-------- Listed records --------
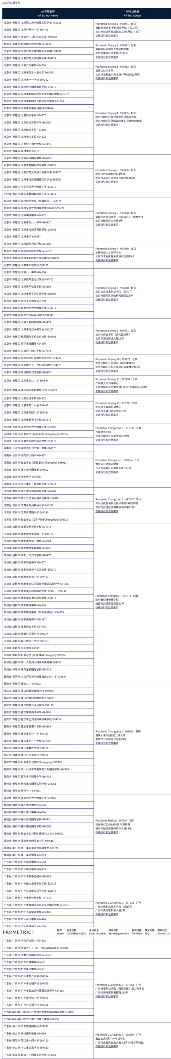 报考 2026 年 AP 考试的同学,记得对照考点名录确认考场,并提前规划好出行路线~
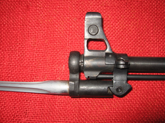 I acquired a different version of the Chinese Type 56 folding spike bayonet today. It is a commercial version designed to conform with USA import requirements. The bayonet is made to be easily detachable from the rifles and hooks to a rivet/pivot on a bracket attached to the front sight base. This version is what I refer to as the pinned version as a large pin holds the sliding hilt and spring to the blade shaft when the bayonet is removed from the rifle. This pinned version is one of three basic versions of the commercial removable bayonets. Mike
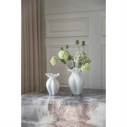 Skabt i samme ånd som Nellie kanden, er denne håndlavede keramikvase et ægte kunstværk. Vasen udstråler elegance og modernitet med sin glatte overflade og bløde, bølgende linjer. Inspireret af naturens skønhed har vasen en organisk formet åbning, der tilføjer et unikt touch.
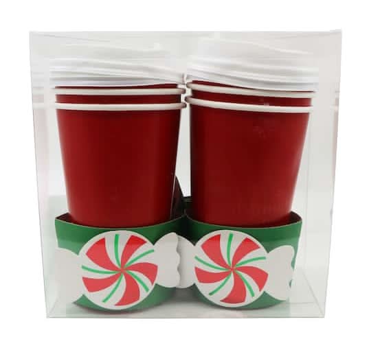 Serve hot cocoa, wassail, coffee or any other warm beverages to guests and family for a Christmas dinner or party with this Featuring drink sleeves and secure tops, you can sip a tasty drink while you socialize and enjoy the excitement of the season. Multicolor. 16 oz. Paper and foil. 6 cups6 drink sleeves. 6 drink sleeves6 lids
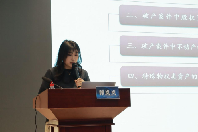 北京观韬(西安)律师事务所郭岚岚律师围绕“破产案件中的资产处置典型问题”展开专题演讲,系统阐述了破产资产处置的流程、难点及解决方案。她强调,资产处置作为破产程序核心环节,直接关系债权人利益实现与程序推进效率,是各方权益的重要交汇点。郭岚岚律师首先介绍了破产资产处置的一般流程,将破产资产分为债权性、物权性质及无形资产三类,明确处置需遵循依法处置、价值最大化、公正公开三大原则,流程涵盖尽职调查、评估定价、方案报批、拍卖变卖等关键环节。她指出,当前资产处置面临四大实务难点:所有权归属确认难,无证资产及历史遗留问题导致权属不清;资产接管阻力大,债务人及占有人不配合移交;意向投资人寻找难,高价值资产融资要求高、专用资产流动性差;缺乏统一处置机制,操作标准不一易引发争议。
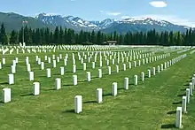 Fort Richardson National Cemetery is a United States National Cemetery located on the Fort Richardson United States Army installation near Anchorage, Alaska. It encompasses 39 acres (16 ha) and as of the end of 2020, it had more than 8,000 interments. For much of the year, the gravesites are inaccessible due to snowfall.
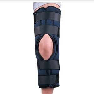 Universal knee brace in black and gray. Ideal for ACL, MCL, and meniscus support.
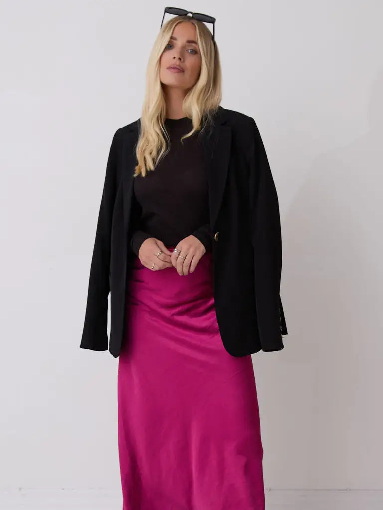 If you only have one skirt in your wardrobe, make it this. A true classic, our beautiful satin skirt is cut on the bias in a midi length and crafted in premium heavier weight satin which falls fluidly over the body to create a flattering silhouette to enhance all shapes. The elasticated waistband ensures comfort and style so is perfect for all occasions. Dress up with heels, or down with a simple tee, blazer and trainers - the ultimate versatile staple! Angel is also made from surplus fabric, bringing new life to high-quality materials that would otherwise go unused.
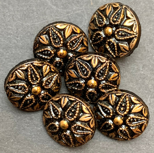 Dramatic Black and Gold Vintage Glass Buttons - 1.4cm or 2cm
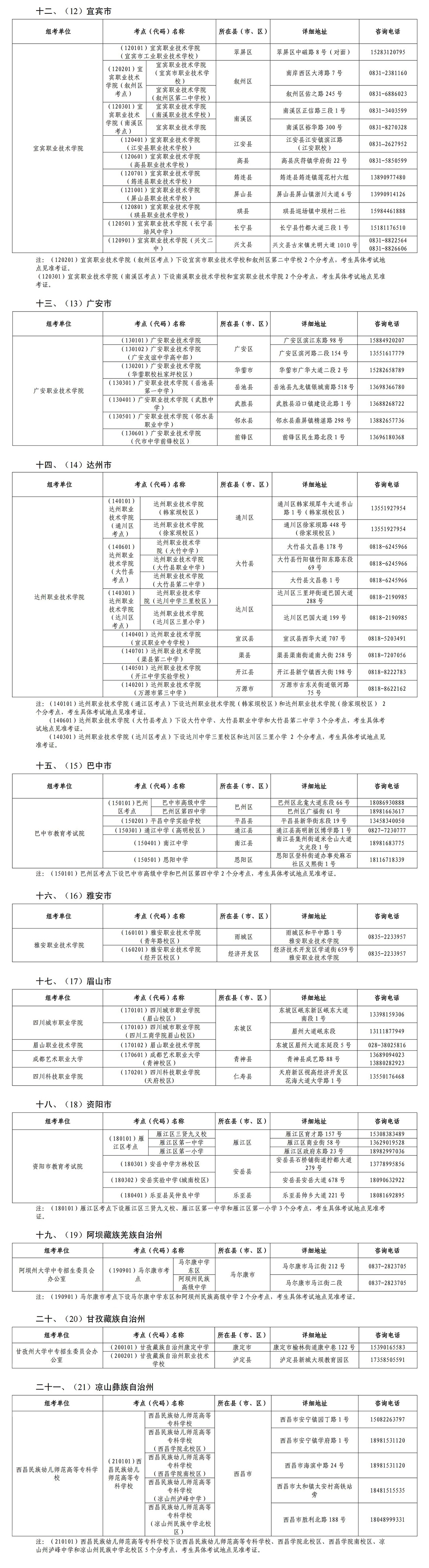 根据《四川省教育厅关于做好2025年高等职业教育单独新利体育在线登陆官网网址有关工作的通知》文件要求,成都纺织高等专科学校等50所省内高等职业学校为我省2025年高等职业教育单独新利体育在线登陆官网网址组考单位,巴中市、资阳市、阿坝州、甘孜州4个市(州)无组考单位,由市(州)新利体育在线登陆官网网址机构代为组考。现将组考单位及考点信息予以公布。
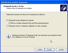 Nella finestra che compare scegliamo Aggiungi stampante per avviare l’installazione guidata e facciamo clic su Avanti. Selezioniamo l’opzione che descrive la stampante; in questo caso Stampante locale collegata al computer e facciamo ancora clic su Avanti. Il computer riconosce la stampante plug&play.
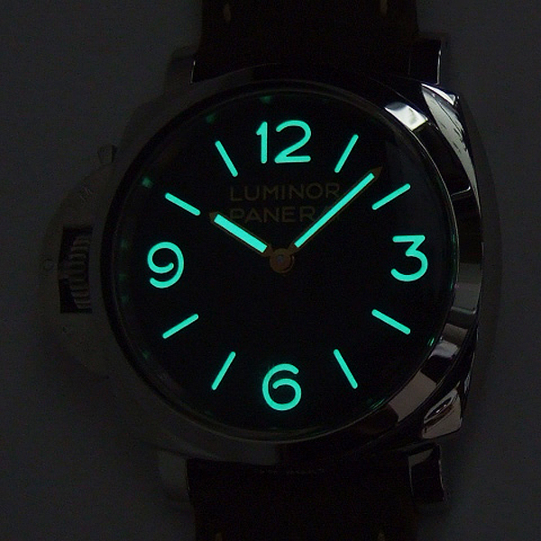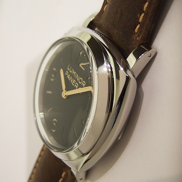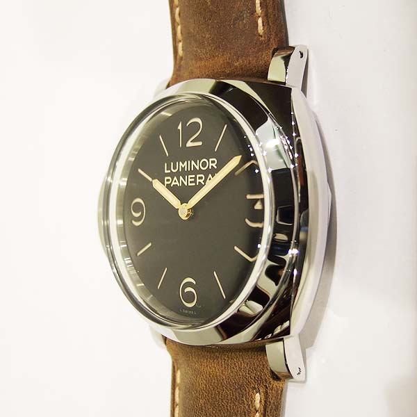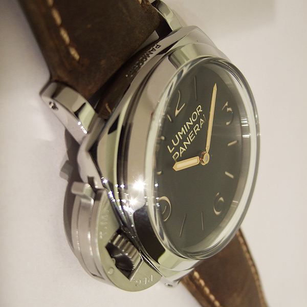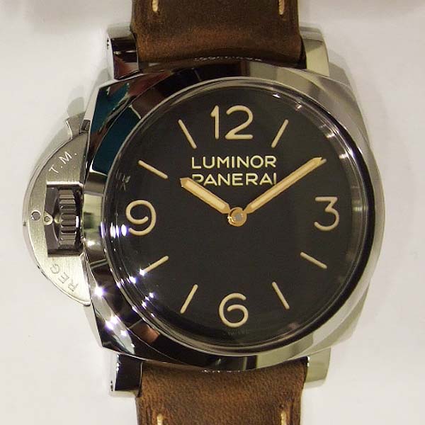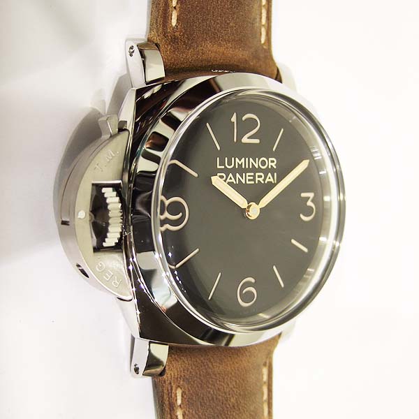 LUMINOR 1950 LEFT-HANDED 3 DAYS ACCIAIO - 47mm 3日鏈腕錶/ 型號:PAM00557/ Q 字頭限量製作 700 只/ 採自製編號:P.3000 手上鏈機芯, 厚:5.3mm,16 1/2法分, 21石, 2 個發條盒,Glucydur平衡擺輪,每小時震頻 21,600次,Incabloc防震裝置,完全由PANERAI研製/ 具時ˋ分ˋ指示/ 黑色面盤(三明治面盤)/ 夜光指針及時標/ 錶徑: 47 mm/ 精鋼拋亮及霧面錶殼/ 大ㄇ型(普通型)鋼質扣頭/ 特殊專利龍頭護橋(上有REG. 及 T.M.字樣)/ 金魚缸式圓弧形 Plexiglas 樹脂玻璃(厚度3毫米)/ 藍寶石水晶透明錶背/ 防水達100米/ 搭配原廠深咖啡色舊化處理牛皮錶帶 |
--------
What is being asked -
From the first line to the last, retype the data above exactly, but not its images.

Solved exercise -
 报考 2026 年 AP 考试的同学,记得对照考点名录确认考场,并提前规划好出行路线~
 I acquired a different version of the Chinese Type 56 folding spike bayonet today. It is a commercial version designed to conform with USA import requirements. The bayonet is made to be easily detachable from the rifles and hooks to a rivet/pivot on a bracket attached to the front sight base. This version is what I refer to as the pinned version as a large pin holds the sliding hilt and spring to the blade shaft when the bayonet is removed from the rifle. This pinned version is one of three basic versions of the commercial removable bayonets. Mike
 Skabt i samme ånd som Nellie kanden, er denne håndlavede keramikvase et ægte kunstværk. Vasen udstråler elegance og modernitet med sin glatte overflade og bløde, bølgende linjer. Inspireret af naturens skønhed har vasen en organisk formet åbning, der tilføjer et unikt touch.
 Serve hot cocoa, wassail, coffee or any other warm beverages to guests and family for a Christmas dinner or party with this Featuring drink sleeves and secure tops, you can sip a tasty drink while you socialize and enjoy the excitement of the season. Multicolor. 16 oz. Paper and foil. 6 cups6 drink sleeves. 6 drink sleeves6 lids
 北京观韬(西安)律师事务所郭岚岚律师围绕“破产案件中的资产处置典型问题”展开专题演讲,系统阐述了破产资产处置的流程、难点及解决方案。她强调,资产处置作为破产程序核心环节,直接关系债权人利益实现与程序推进效率,是各方权益的重要交汇点。郭岚岚律师首先介绍了破产资产处置的一般流程,将破产资产分为债权性、物权性质及无形资产三类,明确处置需遵循依法处置、价值最大化、公正公开三大原则,流程涵盖尽职调查、评估定价、方案报批、拍卖变卖等关键环节。她指出,当前资产处置面临四大实务难点:所有权归属确认难,无证资产及历史遗留问题导致权属不清;资产接管阻力大,债务人及占有人不配合移交;意向投资人寻找难,高价值资产融资要求高、专用资产流动性差;缺乏统一处置机制,操作标准不一易引发争议。
 Fort Richardson National Cemetery is a United States National Cemetery located on the Fort Richardson United States Army installation near Anchorage, Alaska. It encompasses 39 acres (16 ha) and as of the end of 2020, it had more than 8,000 interments. For much of the year, the gravesites are inaccessible due to snowfall.
 Universal knee brace in black and gray. Ideal for ACL, MCL, and meniscus support.
 If you only have one skirt in your wardrobe, make it this. A true classic, our beautiful satin skirt is cut on the bias in a midi length and crafted in premium heavier weight satin which falls fluidly over the body to create a flattering silhouette to enhance all shapes. The elasticated waistband ensures comfort and style so is perfect for all occasions. Dress up with heels, or down with a simple tee, blazer and trainers - the ultimate versatile staple! Angel is also made from surplus fabric, bringing new life to high-quality materials that would otherwise go unused.
 Dramatic Black and Gold Vintage Glass Buttons - 1.4cm or 2cm
 根据《四川省教育厅关于做好2025年高等职业教育单独新利体育在线登陆官网网址有关工作的通知》文件要求,成都纺织高等专科学校等50所省内高等职业学校为我省2025年高等职业教育单独新利体育在线登陆官网网址组考单位,巴中市、资阳市、阿坝州、甘孜州4个市(州)无组考单位,由市(州)新利体育在线登陆官网网址机构代为组考。现将组考单位及考点信息予以公布。
 Nella finestra che compare scegliamo Aggiungi stampante per avviare l’installazione guidata e facciamo clic su Avanti. Selezioniamo l’opzione che descrive la stampante; in questo caso Stampante locale collegata al computer e facciamo ancora clic su Avanti. Il computer riconosce la stampante plug&play.
 LUMINOR 1950 LEFT-HANDED 3 DAYS ACCIAIO - 47mm 3日鏈腕錶/ 型號:PAM00557/ Q 字頭限量製作 700 只/ 採自製編號:P.3000 手上鏈機芯, 厚:5.3mm,16 1/2法分, 21石, 2 個發條盒,Glucydur平衡擺輪,每小時震頻 21,600次,Incabloc防震裝置,完全由PANERAI研製/ 具時ˋ分ˋ指示/ 黑色面盤(三明治面盤)/ 夜光指針及時標/ 錶徑: 47 mm/ 精鋼拋亮及霧面錶殼/ 大ㄇ型(普通型)鋼質扣頭/ 特殊專利龍頭護橋(上有REG. 及 T.M.字樣)/ 金魚缸式圓弧形 Plexiglas 樹脂玻璃(厚度3毫米)/ 藍寶石水晶透明錶背/ 防水達100米/ 搭配原廠深咖啡色舊化處理牛皮錶帶 |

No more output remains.